Nixon won the 1968 election running as the “New Nixon,” which projected a softer image to the voters. He avoided taking tough stands on issues until the last month of the campaign when polls showed his opponent Hubert Humphrey closing the gap; at this point, Nixon began to hammer Democrats on the law and order issue. Nixon’s image—the New Nixon—was a way of countering opponents who had portrayed him since he first entered Congress in 1946 as a man with deep character flaws. Whether this picture of Nixon as “Tricky Dicky” was fair or accurate about the young Nixon, his presidency revealed that he had become a flawed character by the time he entered the White House. Nixon accomplished much in his administration, but his secretive, nearly paranoid, response to political enemies, and his unlawful attempt to cover up the Watergate break-in during his reelection campaign in 1972 forced him to resign from office.

Goldwater and Rockefeller failed in their attempts to win the White House, so it is impossible to reach a firm conclusion as to what kind of leaders they might have been in office. Goldwater’s behavior during the 1964 campaign suggests that he was too quick to anger, given to shooting from the hip, and was thin-skinned. Such qualities usually do not make for successful presidencies. Goldwater as president would probably have resisted the Great Society program promoted by Lyndon Johnson. In addition, a Goldwater presidency would have confronted a black civil rights movement that was becoming increasingly militant. Goldwater’s refusal to vote for the Civil Rights Act of 1964 undermined his creditably among black and many white voters on the issue. His Southern base would have hampered Goldwater from promoting further civil rights legislation to ensure black voting rights in the South. What Goldwater’s response to the war in Vietnam would have been is an intriguing case for counter-factual history.
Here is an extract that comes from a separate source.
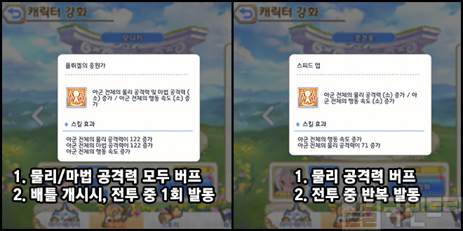 ▲ 콧코로와 모니카의 버프기 성능을 간단히 비교해보죠
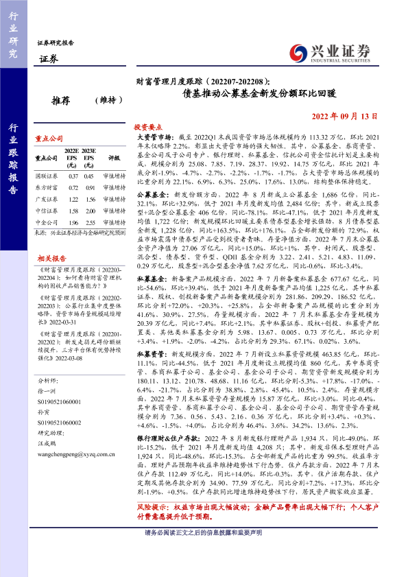 【兴业证券】【20220913】证券行业:财富管理月度跟踪-债基推动公募基金新发份额环比回暖-12页

He might have avoided a land war in Vietnam, having seen the stalemate in the Korean War but, on the other hand, he might have unleashed an air campaign in the North that would have encountered fierce opposition from the Soviet Union, as well as an antiwar movement at home.
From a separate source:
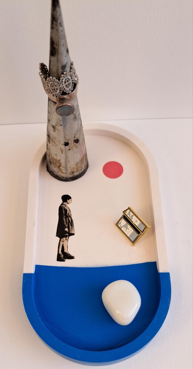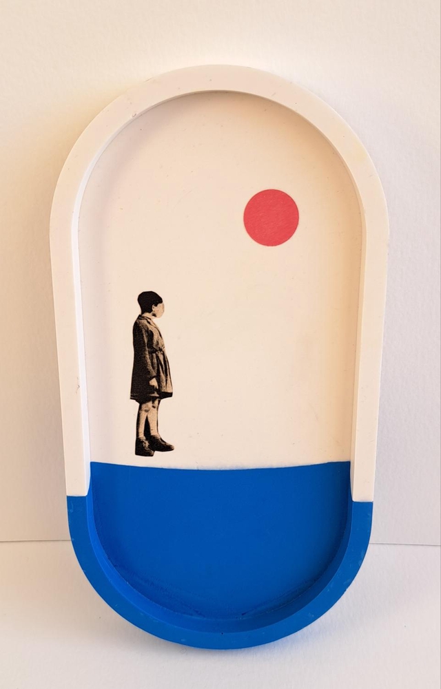 Plateau en jesmonite et collage papier.

A Rockefeller presidency in 1968 would have faced strong sentiments for an expansion of the welfare/entitlement and regulatory state espoused by liberals in the Democratic Party. Rockefeller presented himself as a reformer who supported more federal funding to address urban problems and income inequality. Johnson’s Great Society under a Rockefeller presidency might have become the even Greater Society. Given that Henry Kissinger was originally a Rockefeller advisor, Rockefeller’s foreign policy would have resembled in all likelihood Nixon’s, and feature détente with the Soviet Union, the opening of relations with China, strategic arms control deals, and selected covert military operations against hostile governments.

Nixon, Rockefeller, Goldwater, and Reagan were not pure political ideologues; they were politicians seeking power for their own advancement, often at the expense of party loyalty and their espoused political beliefs. Their political careers can be weighed on a scale ranging from opportunism to principle. All of these men were partisan Republicans and all understood the importance of ideology as a force in modern American politics, but they were politicians above all else.
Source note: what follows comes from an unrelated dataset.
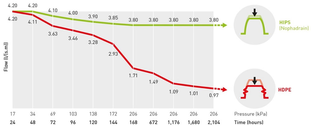 Дренажните мембрани от полиетилен (HDPE) деформират лесно и бързо при продължително натоварване. Това означава, че те не могат да осигурят постоянен дренажен капацитет във времето и ефективността и функциалността им са ограничени. Затова дренажните композити Nophadrain се произвеждат от високоякостен полистирен (HIPS), който има отлични показатели за якост на натиск и химическа устойчивост.

These four men, rivals for the presidency, were neither complete saints nor sinners. They were men with flaws. Whatever their motivations as they ran for the highest office in the land, they sought to serve their country. Their ambitions might have been directed to other avenues rather than in presidential politics. Instead, they offered themselves to the voters because they believed they could lead the nation to a better future. History will judge them accordingly, as it will future presidents.